Assigned task: Entries below include pictures. Output exactly the lines from the one with "Обои Розовые цветы прострел, вид сверху" down to the one with "酒店有45个偏硅酸特质的美容", both ends included, and leave the pictures out.

Data under study:
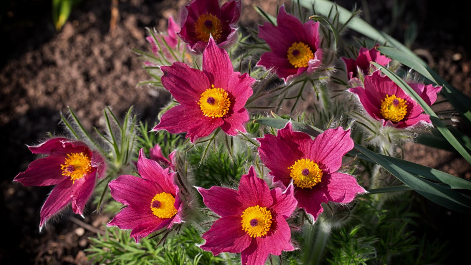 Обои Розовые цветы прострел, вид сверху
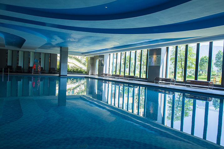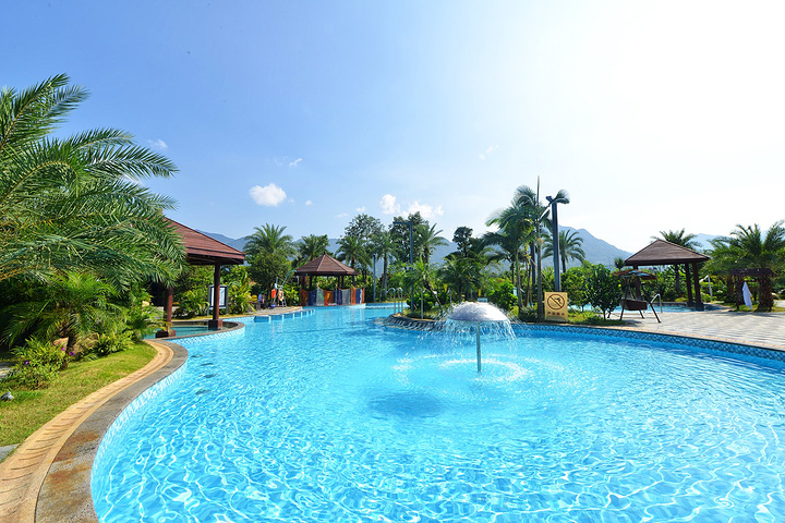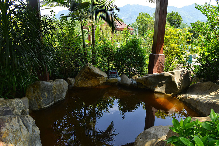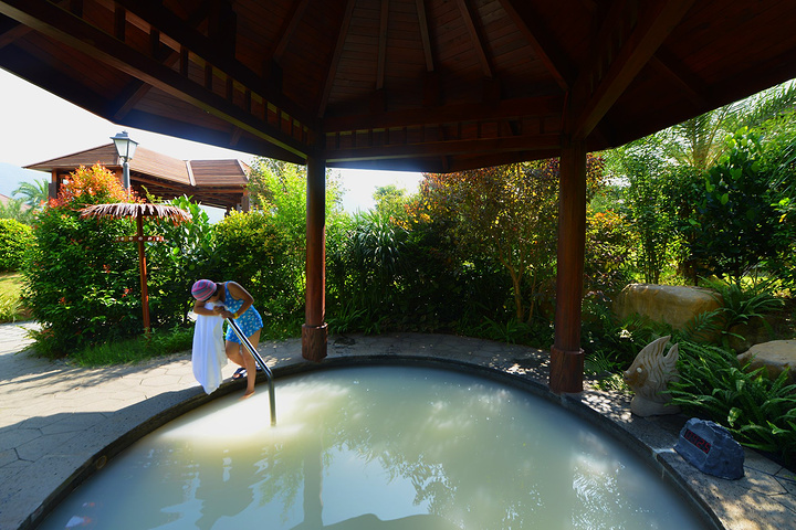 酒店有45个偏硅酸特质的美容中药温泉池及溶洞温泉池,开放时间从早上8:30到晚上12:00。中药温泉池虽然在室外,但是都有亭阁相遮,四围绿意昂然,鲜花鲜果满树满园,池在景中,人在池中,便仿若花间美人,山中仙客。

* * *

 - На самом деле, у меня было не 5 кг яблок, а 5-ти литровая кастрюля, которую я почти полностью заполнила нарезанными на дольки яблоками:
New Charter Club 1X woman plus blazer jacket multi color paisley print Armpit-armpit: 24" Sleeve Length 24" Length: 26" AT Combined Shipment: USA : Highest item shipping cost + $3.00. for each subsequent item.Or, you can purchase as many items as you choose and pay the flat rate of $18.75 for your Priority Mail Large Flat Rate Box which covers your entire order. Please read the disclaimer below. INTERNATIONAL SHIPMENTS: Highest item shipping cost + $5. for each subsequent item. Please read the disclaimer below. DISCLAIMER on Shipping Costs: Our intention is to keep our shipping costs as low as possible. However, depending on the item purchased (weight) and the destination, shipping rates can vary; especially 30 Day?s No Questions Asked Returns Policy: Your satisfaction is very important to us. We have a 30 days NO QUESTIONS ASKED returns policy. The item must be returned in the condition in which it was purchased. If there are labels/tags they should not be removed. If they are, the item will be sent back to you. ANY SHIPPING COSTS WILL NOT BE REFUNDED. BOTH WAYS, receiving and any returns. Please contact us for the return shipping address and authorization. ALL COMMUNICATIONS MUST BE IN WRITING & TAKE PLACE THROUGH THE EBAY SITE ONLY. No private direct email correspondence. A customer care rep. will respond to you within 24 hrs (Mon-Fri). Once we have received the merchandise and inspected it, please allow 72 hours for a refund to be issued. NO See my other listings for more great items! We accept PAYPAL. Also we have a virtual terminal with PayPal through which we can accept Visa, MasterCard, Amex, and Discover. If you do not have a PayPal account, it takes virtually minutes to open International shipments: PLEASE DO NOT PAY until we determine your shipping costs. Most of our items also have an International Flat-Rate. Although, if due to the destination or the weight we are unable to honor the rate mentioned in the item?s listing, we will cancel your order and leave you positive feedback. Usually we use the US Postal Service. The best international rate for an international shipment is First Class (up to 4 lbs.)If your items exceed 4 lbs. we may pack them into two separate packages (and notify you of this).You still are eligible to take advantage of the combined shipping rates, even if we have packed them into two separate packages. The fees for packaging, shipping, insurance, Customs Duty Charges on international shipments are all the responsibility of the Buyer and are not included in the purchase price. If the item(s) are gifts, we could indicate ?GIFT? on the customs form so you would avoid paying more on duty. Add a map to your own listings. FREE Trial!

Response to the exercise:
 Обои Розовые цветы прострел, вид сверху
 酒店有45个偏硅酸特质的美容中药温泉池及溶洞温泉池,开放时间从早上8:30到晚上12:00。中药温泉池虽然在室外,但是都有亭阁相遮,四围绿意昂然,鲜花鲜果满树满园,池在景中,人在池中,便仿若花间美人,山中仙客。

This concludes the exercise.